** Instructions for the task **
Leave out the images and repeat the listing below without a single change.

** Data to use **
_ _ _
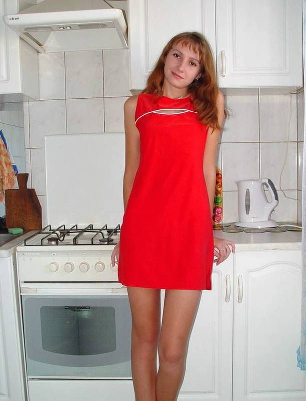 Порно фото похожее на Русская домохозяйка сняла красное платье и белье на кухне:
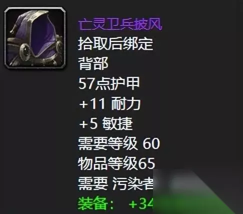当然如果你有一个好点的副手的话,那么喵叔我想你也可以选择这款同样污染者声望崇拜奖励的心灵之牙,不过话是那么说没错,但是喵叔我想百分之九十九的玩家会毫不犹豫的选铁皮法杖吧! 三:亡灵卫兵披风
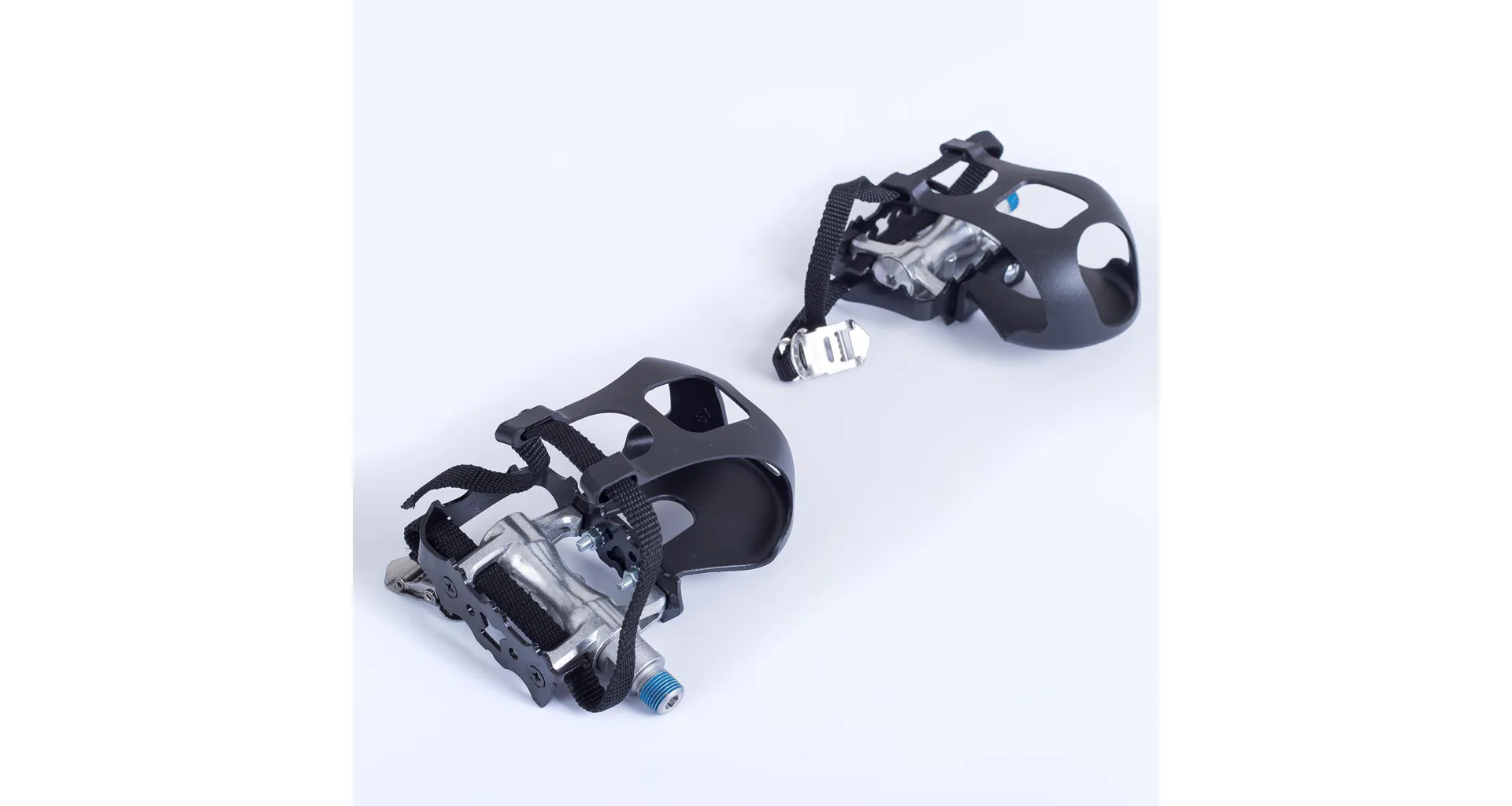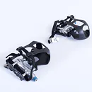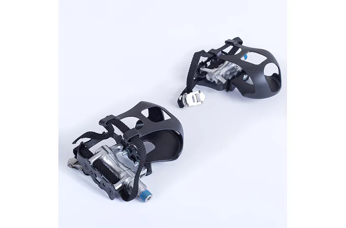 Pedály jsou osově vyvážené, s horní strany jsou opatřeny protiskluzovou úpravou, nárt obepíná plastová klipsna s řemínkem, jehož délku lze nastavit dle velikosti obuvy a individuálních potřeb.
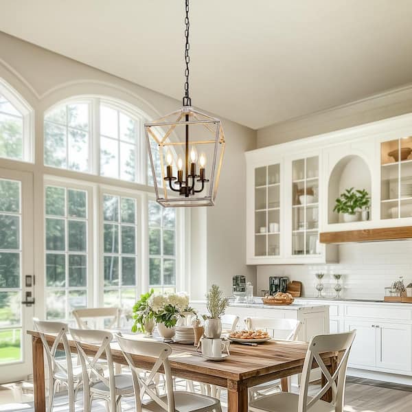 8 in. 4-Light White Geometric Open Cage Chandelier, Pendant Light for Dining Room Kitchens
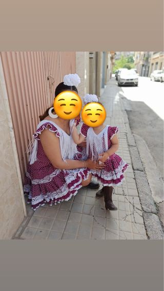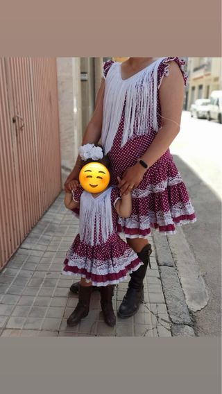 Conjunto de vestidos a juego para madre e hija. - Diseño con estampado de lunares. - Adornos de volantes y flecos blancos. - Ideal para romerías Vestido corto muy cómodo
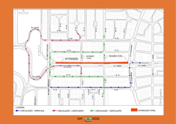 A via será interditada a partir de 8h e deve ficar 45 dias sem permissão para tráfego. Motoristas que descem a Avenida Goiás da Praça Cívica deverão desviar para a Rua 74 até a Avenida Independência ou para a Avenida Oeste, se quiser chegar à Goiás Norte.
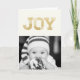 Tipografia JOY com Estilo Elegante, Glitter Dourado Falso em Creme Marfim, Cartão de Foto de Férias Moderno.
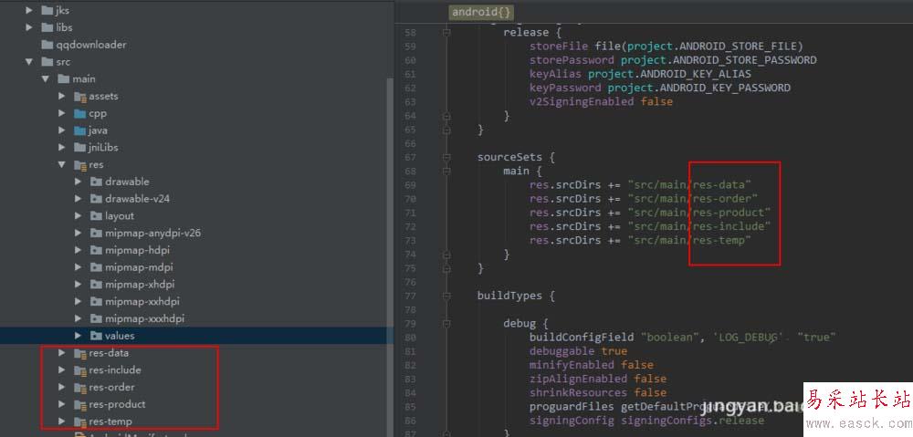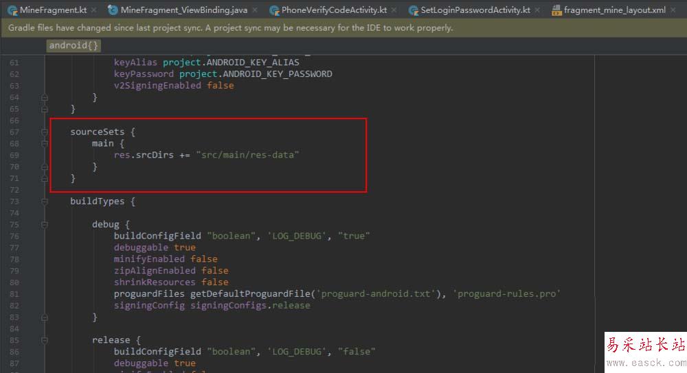 4、找到項(xiàng)目的build.gradle文件中添加資源集路徑配置。如圖
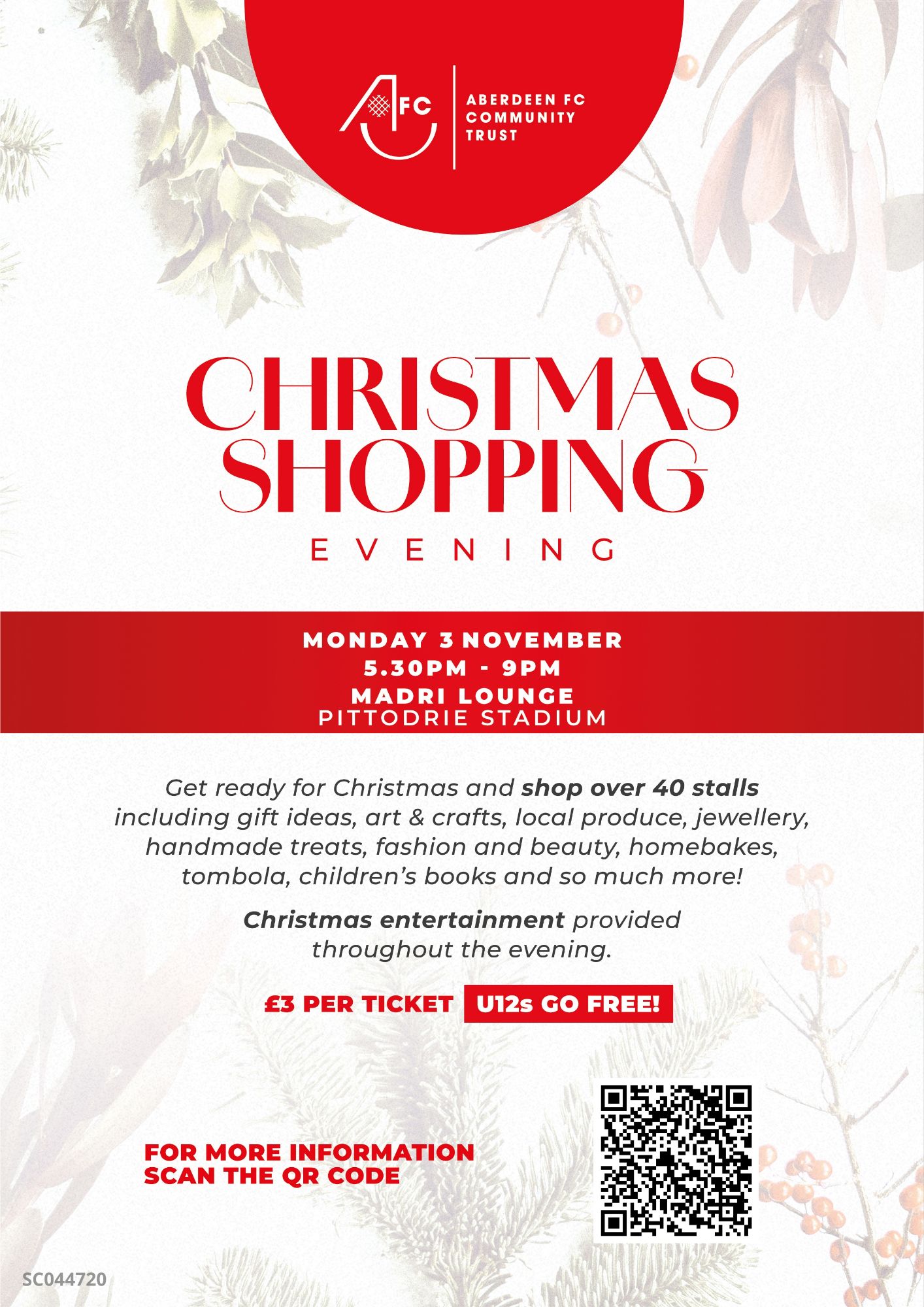 3rd Nov, AFC @afccommunitytrust Christmas shopping evening at Pittodrie Stadium, 5.30 to 9pm
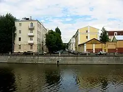 Lower Yauza river had numerous bridges, dams and water mills since Middle Ages. The 1853 city plan shows a total of four such crossings. One was eventually demolished without replacement, three others correspond (west to east) to present-day Maly Ustinsky, Astakhovsky (Yauzsky) and Tessinsky bridges. Most important of these, Yauzsky Bridge, connecting city center with eastbound roads, was rebuilt in stone in 1804. In 1812, it was in the path of retreating Russian Army when it evacuated Moscow after Battle of Borodino.[4] Yauzsky Bridge was renamed Astakhovsky after I.T.Astakhov, a steelworkers' leader killed on the bridge during a rally on February 28, 1917; this title remains official to date.[5]
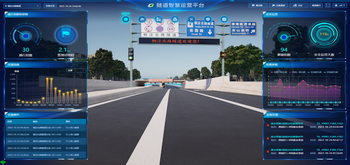 本系統采用人工智能技術,將實體隧道與虛擬模型進行映射和交互,系統通過多維智能感知技術,利用各類傳感器和監測設備,對隧道內外的多維信息進行感知和采集,以實現對隧道環境、交通流量、安全狀況、結構監測等多個方面的全面感知;系統采用數字孿生技術,對隧道進行數字化建模,以更加真實、直觀的方式呈現形狀和結構,以及隧道的狀態和運行情況。依托大數據分析技術,系統以任務管理為導向,貫穿整個生命周期,對設備、信息、人員、工單等進行跟蹤管理,有效提升管養效率;通過人工智能數據驅動模型,將隧道運行狀態的數據和模型結合起來,提供隧道管理和運營決策支持,為隧道運營管理的智能化、精細化、可視化及全生命周期管理提供了解決方案,極大地提升了隧道綜合管理效率和應急事件處置能力。
_ _ _
** Output **
 Порно фото похожее на Русская домохозяйка сняла красное платье и белье на кухне:
当然如果你有一个好点的副手的话,那么喵叔我想你也可以选择这款同样污染者声望崇拜奖励的心灵之牙,不过话是那么说没错,但是喵叔我想百分之九十九的玩家会毫不犹豫的选铁皮法杖吧! 三:亡灵卫兵披风
 Pedály jsou osově vyvážené, s horní strany jsou opatřeny protiskluzovou úpravou, nárt obepíná plastová klipsna s řemínkem, jehož délku lze nastavit dle velikosti obuvy a individuálních potřeb.
 8 in. 4-Light White Geometric Open Cage Chandelier, Pendant Light for Dining Room Kitchens
 Conjunto de vestidos a juego para madre e hija. - Diseño con estampado de lunares. - Adornos de volantes y flecos blancos. - Ideal para romerías Vestido corto muy cómodo
 A via será interditada a partir de 8h e deve ficar 45 dias sem permissão para tráfego. Motoristas que descem a Avenida Goiás da Praça Cívica deverão desviar para a Rua 74 até a Avenida Independência ou para a Avenida Oeste, se quiser chegar à Goiás Norte.
 Tipografia JOY com Estilo Elegante, Glitter Dourado Falso em Creme Marfim, Cartão de Foto de Férias Moderno.
 4、找到項(xiàng)目的build.gradle文件中添加資源集路徑配置。如圖
 3rd Nov, AFC @afccommunitytrust Christmas shopping evening at Pittodrie Stadium, 5.30 to 9pm
 Lower Yauza river had numerous bridges, dams and water mills since Middle Ages. The 1853 city plan shows a total of four such crossings. One was eventually demolished without replacement, three others correspond (west to east) to present-day Maly Ustinsky, Astakhovsky (Yauzsky) and Tessinsky bridges. Most important of these, Yauzsky Bridge, connecting city center with eastbound roads, was rebuilt in stone in 1804. In 1812, it was in the path of retreating Russian Army when it evacuated Moscow after Battle of Borodino.[4] Yauzsky Bridge was renamed Astakhovsky after I.T.Astakhov, a steelworkers' leader killed on the bridge during a rally on February 28, 1917; this title remains official to date.[5]
 本系統采用人工智能技術,將實體隧道與虛擬模型進行映射和交互,系統通過多維智能感知技術,利用各類傳感器和監測設備,對隧道內外的多維信息進行感知和采集,以實現對隧道環境、交通流量、安全狀況、結構監測等多個方面的全面感知;系統采用數字孿生技術,對隧道進行數字化建模,以更加真實、直觀的方式呈現形狀和結構,以及隧道的狀態和運行情況。依托大數據分析技術,系統以任務管理為導向,貫穿整個生命周期,對設備、信息、人員、工單等進行跟蹤管理,有效提升管養效率;通過人工智能數據驅動模型,將隧道運行狀態的數據和模型結合起來,提供隧道管理和運營決策支持,為隧道運營管理的智能化、精細化、可視化及全生命周期管理提供了解決方案,極大地提升了隧道綜合管理效率和應急事件處置能力。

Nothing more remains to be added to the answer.